Was mich fasziniert ist die Frage, warum es überhaupt etwas gibt, und nicht einfach nichts. Woher kommt das Sein? Das ist für mich die einzige "religiöse" Frage. Auf die hat niemand eine Antwort!

Wenn Du nun meinst, die Antwort sein "Gott hat's geschaffen", so krieg Dich wieder ein, das ist nicht die Antwort, sondern nur eine Ausdehnung der Frage, die dann halt lautet: "Warum gibt es Gott."

"Woher kommt Gott?" war überigens meine erste Frage an das Christentum, die immer noch unbeantwortet (respektive nur unbefriedigend beantwortet) ist. Sie war mit eine Ursache, wesshalb ich mit 14 Jahren aus dem Christentum ausgetreten bin.

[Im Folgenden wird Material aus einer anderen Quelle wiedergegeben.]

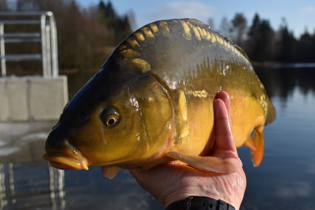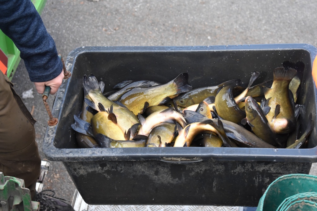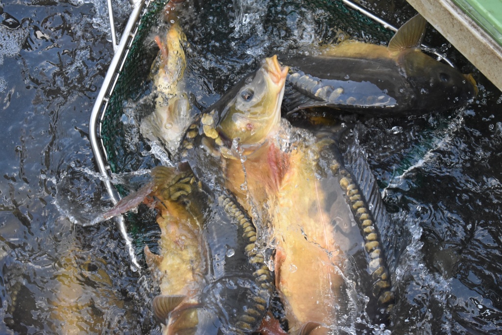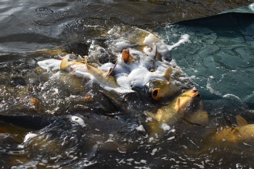 Dnes bylo distribuováno dalších 3200 kg kapra o průměrné váze 2kg/ks a 700 kg amura amura o průměrné váze 2,5 kg/ks.
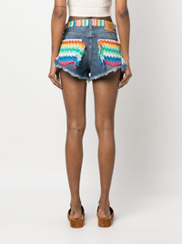 Over The Rainbow denim shorts Highlights - Indigo blue - Multicolour - Cotton - Crochet knit - Logo patch to the rear - Ripped detailing - Belt loops - Button fly fastening - Classic five pockets - Fringed edge Made in Italy Composition Cotton 100%
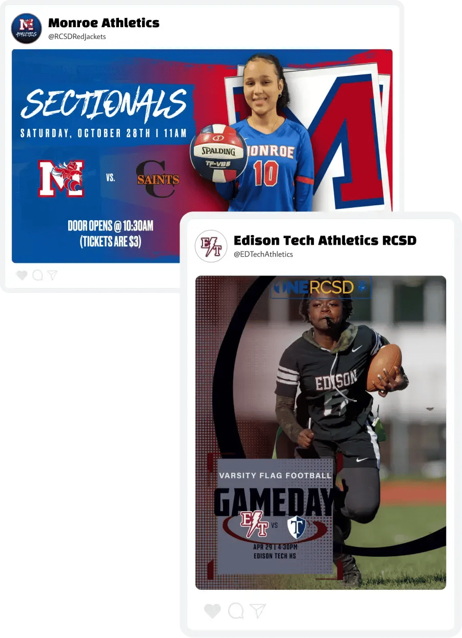 Athletic departments within the Rochester City district use Gipper to promote games & events on their respective social accounts. That way, community members always know when, where, and how to show up and support.
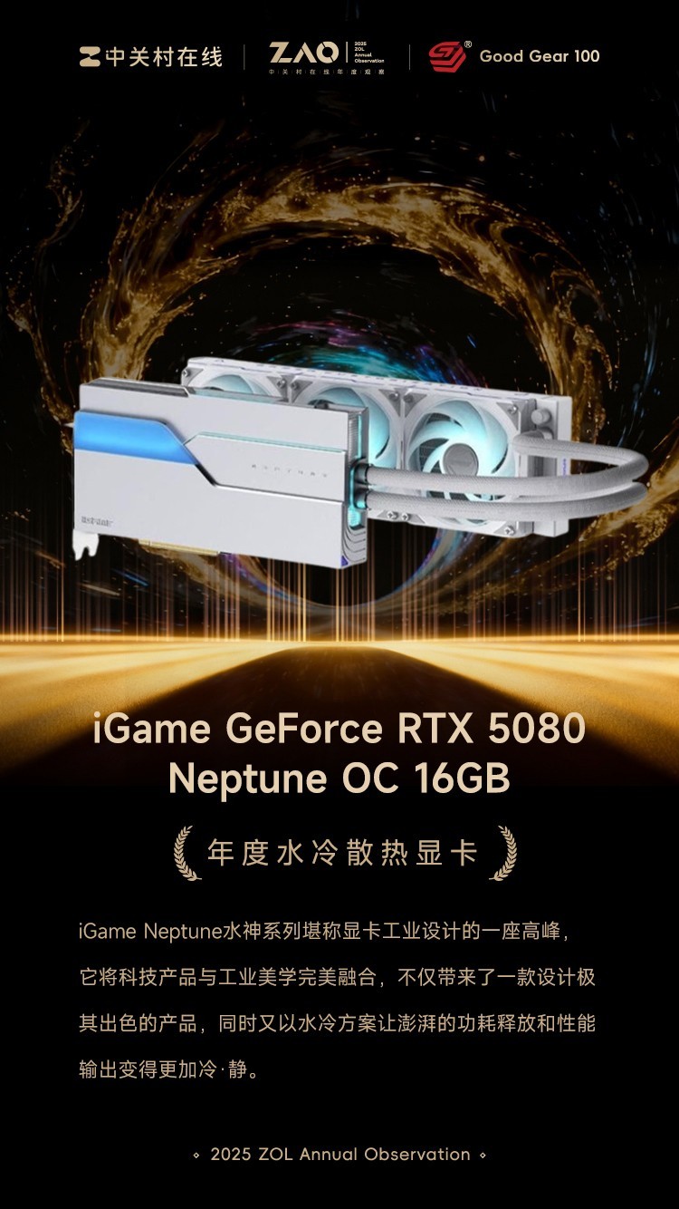 2025年度百大优秀科技产品:年度水冷散热显卡 iGame GeForce RTX 5080 Neptune OC 16GB
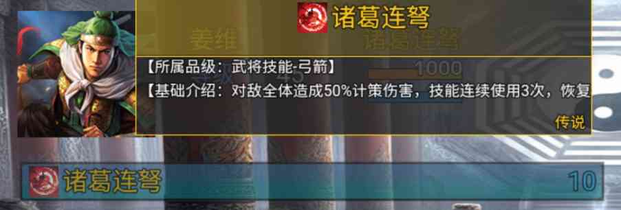 从头再来。 诸葛连弩:对敌全体造成50%计策伤害,技能连续使用3次恢复造成伤害兵力!
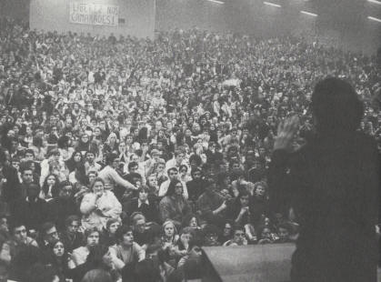 Bij zijn terugkeer werd hij benoemd tot professor en studentenpastor aan de nationale universiteit van Colombia in Bogota. Onder impuls van de studenten evolueerde zijn overwegend theoretisch werk tot een praxis van de revolutionaire strijd. Vanwege zijn politieke activiteit liep hij een kerkelijke veroordeling op, waarna hij zijn priesterambt neerlegde. Aanvankelijk poogde hij nog een eenheidsfront van alle tegenstanders van de heersende orde te vormen, maar toen hij inzag dat een wettelijke volksbeweging niet haalbaar was, sloot hij zich aan bij de guerrilla-beweging. Op 17 februari 1966 sneuvelde hij tijdens een gevecht met het Colombiaanse leger. Voor de studenten was hij niet dood. Ook te Leuven was de herinnering aan deze opmerkelijke alumnus en zijn bewogen levensloop blijven nazinderen. Twee jaar na zijn dood, in 1968, werd een nieuwe studentenwoonwijk aan de Brusselsestraat in Leuven naar hem genoemd. 28 maart, Gent. Gentse studenten staken en meer dan 1000 onder hen stappen op in een manifestatie tegen het beleid van de rector. Die ultieme actie luidt meteen het einde in van de Gentse maartbeweging want de paasvakantie staat voor de deur en de naderende examens zouden bij de meesten de strijdbare ... hiermee voor jarenlang in het hoger onderwijs zuilen en gemeenschappen gelijmd. juni 12-22 juni, Nederland. De processen tegen de bezetters van het Maagdenhuis te Amsterdam vinden plaats. De nacht van 12 op 13 juni wordt opnieuw een nacht op de barricaden. Een demonstratie van ongeveer 6000 man eindigt in een veldslag met de politie. De processen zelf lijken een schoolvoorbeeld van politieke rechtspraak, die zelfs bij professoren in de rechtsgeleerdheid protest uitlokt. juli 21 juli, Verenigde Staten. De Amerikaanse astronaut Neil Armstrong zet als eerste mens voet op de maan, 'een kleine stap voor hem, een grote sprong voor de mensheid'. augustus 15-17 augustus, Verenigde Staten. De Amerikaanse jeugd — de media gewagen van 300.000 tot 500.000 aanwezigen — beleeft met hart en ziel de mythe van het Woodstock-muziekfestival. oktober 6 oktober, Leuven. Voor de eerste keer mag bij de opening van het nieuwe academiejaar ook een student het woord voeren. Mon Vanderostyne, voorzitter van de Algemene Studentenraad, spreekt over 'participatie of contestatie'. PARTICIPATIE OF CONTESTATIE - Inhoud Bij de aanvang van het academiejaar 1969-1970 werd de studentenbeweging voor de keuze gesteld tussen participatie, die aan de meeste universiteiten welhaast geïnstitutionaliseerd was, of contestatie, een modeverschijnsel, zo leek het, dat, wou het een volgend seizoen nog meegaan, dringend aan een herdefiniëring van zijn doelstellingen toe was. De participatie veronderstelde een beperking van het vernieuwingsstreven tot de universiteit, in tegenstelling tot de contestatie die de maatschappij zelf ter discussie stelde, en daarom de problemen in de universitaire binnenkeuken als bijkomstig wegwuifde. Revolutionaire studentenbewegingen zochten toenadering tot de arbeiders en raakten hierdoor in het studentenmilieu gemarginaliseerd.

Die gängige Antwort der Christen ist, "Gott war schon immer." Nun, dann ist die Aussage, "Das Sein war schon immer" absolut gleichwertig, und wir sind wieder gleichweit. Mit dem einzigen Unterschied, dass die Theisten völlig unnötigerweise eine zusätzliche Instanz "Gott" dazwischen gelegt haben, die neue Fragen aufwirft, aber keine einzige bestehende Frage beantworten kann!

Hast du schon mal versucht dir vorzustellen, wann
die Zeit begann bzw. aufhört, bzw. wo der
Weltraum anfängt bzw. aufhört.

Ja, versucht schon.

Diese Gedanken sind meiner Meinung nach eine
Annäherung an göttliche Dimensionen.

Nenn es "göttlich", wenn Du willst, aber mit dem christlichen Gott hat das nichts zu tun, und er ist auch keine Antwort auf diese, zugegebenermassen sehr faszinierende, Frage. Diese Frage stellt sich auch uns Atheisten, und genauso wie Du haben wir keine Antwort darauf.

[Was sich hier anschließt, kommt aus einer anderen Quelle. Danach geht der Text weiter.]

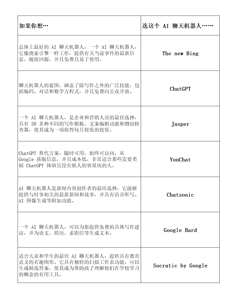 为了策划最佳 AI 聊天机器人和 AI 写作的名单,我们研究了每个程序的能力,包括每个程序擅长的个人用途。我们考虑的其他因素是可靠性、可用性和成本。一旦我们收集了所有这些数据并亲自试用,我们就确定了哪个 AI 聊天机器人最适合不同个人的需求,并将它们包括在列表中。AI 聊天机器人(也称为 AI writer)是指一种人工智能驱动的程序,能够根据用户的输入提示生成书面内容。人工智能聊天机器人能够根据用户的要求编写从说唱歌曲到散文的任何内容。每个聊天机器人具体能够写的内容的范围取决于它的个人能力,包括它是否连接到搜索引擎。AI 聊天机器人使用语言模型来训练 AI 以产生类似人类的反应。有些人连接到网络,这就是他们获得最新信息的方式,而其他人则完全依赖于他们接受培训的信息。AI 聊天机器人程序的成本各不相同,有些完全免费,有些则每月花费高达 600 美元。ChatGPT 和 YouChat 完全免费,因为两者仍处于测试阶段。像 ChatSonic 这样的服务,2,000,000 个单词和 15 个席位,每月费用高达 650 美元。AI 聊天机器人和 AI 写作之间的主要区别在于它们生成的输出类型及其主要功能。过去,人工智能作家专门用于根据给定的提示或输入生成文章、故事或诗歌等书面内容。人工智能写作的输出是模仿人类语言和结构的书面文本形式。另一方面,人工智能聊天机器人旨在通过文本或基于语音的交互与用户进行实时对话。人工智能聊天机器人的主要功能是回答问题、提供建议,甚至执行简单的任务,其输出以基于文本的对话形式出现。虽然 AI 聊天机器人和 AI 写作这两个术语现在被一些人互换使用,但最初的区别是 AI 作家用于生成书面内容,而 AI 聊天机器人用于对话目的。然而,随着 ChatGPT 等更先进的人工智能技术的引入,两者之间的界限变得越来越模糊。一些 AI 聊天机器人现在能够生成基于文本的响应,这些响应模仿人类语言和结构,类似于 AI 写作。是的!尽管New Bing 非常受欢迎,但人工智能聊天机器人有一些主要缺点,包括它并不总是可用。如果您想尝试 AI 聊天机器人和 AI 写作的世界,还有很多其他选择可供考虑。我们深入探讨了上面的备选方案,以及下面的更多备选方案。

Der Weise unterscheidet sich vom Narren vor allem darin, dass er weiss, wann sein Wissen endet.

Letztlich muss man lernen damit zu leben, dass man nicht alles wissen kann. Zu wissen, dass ich etwas nicht weiss, ist mir wesentlich lieber, als irgendeine dumme Lüge als Antwort zu akzeptieren.

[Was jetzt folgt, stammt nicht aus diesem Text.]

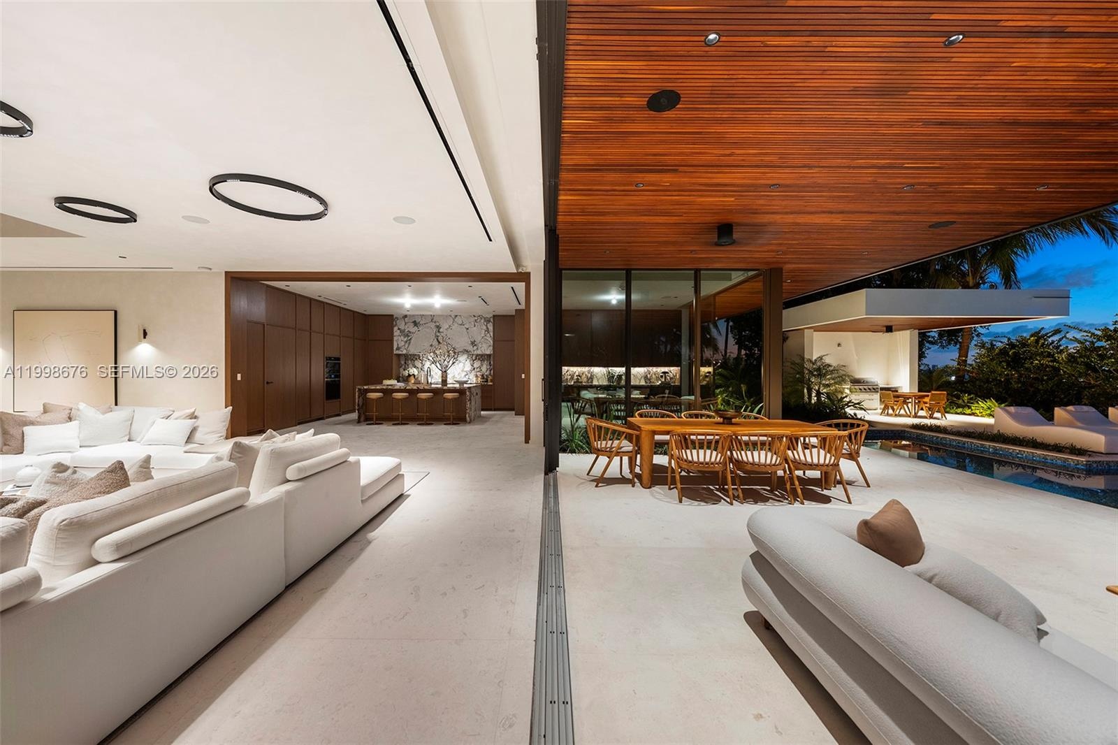 Designed by SDH Studio, with interiors by Alizée Brion and landscape design by CLAD, the home blends refined natural materials with sophisticated modern living. Elevated above FEMA requirements, it features soaring ceilings, dramatic entertaining spaces, custom walnut millwork, shell stone and white oak flooring, limestone accents, Lutron lighting and shade control, Sonos-integrated audio, and seamless indoor-outdoor living.
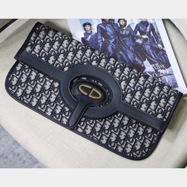 Réplicas Dior Oblique Saddle Chain Billet Blue
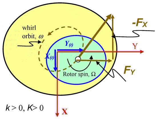 where ΔX and ΔY are the rotor lateral displacements and KXY = −KYX = k are the cross-coupled stiffness coefficients. KXY > 0 to induce forward whirl, while KYX < 0 for backward whirl, i.e., opposite to the sense of the shaft rotation.
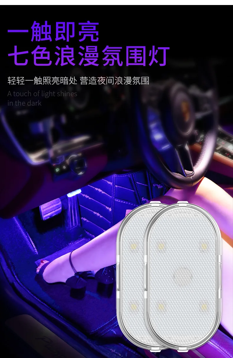 Car LED Touch Lights Wireless Interior Light Magnetic Auto Door Light Roof Ceiling Lamp Reading Lamp USB Rechargeable 5V

Die Bibel übrigens, nimmt zu dieser Frage nicht einmal Stellung! Sie beginnt mit der "Erschaffung" der Erde. Was davor war, darauf geht sie gar nicht erst ein. Wie schon gesagt: Die Bibel ist von den Menschen für die Menschen geschrieben. Die Frage, was vor der "Erschaffung" der Welt war, und die Frage woher Gott, oder die Engel kommen, die hat die damaligen Menschen schlicht nicht interessiert, soweit haben sie wohl damals gar nicht erst gedacht.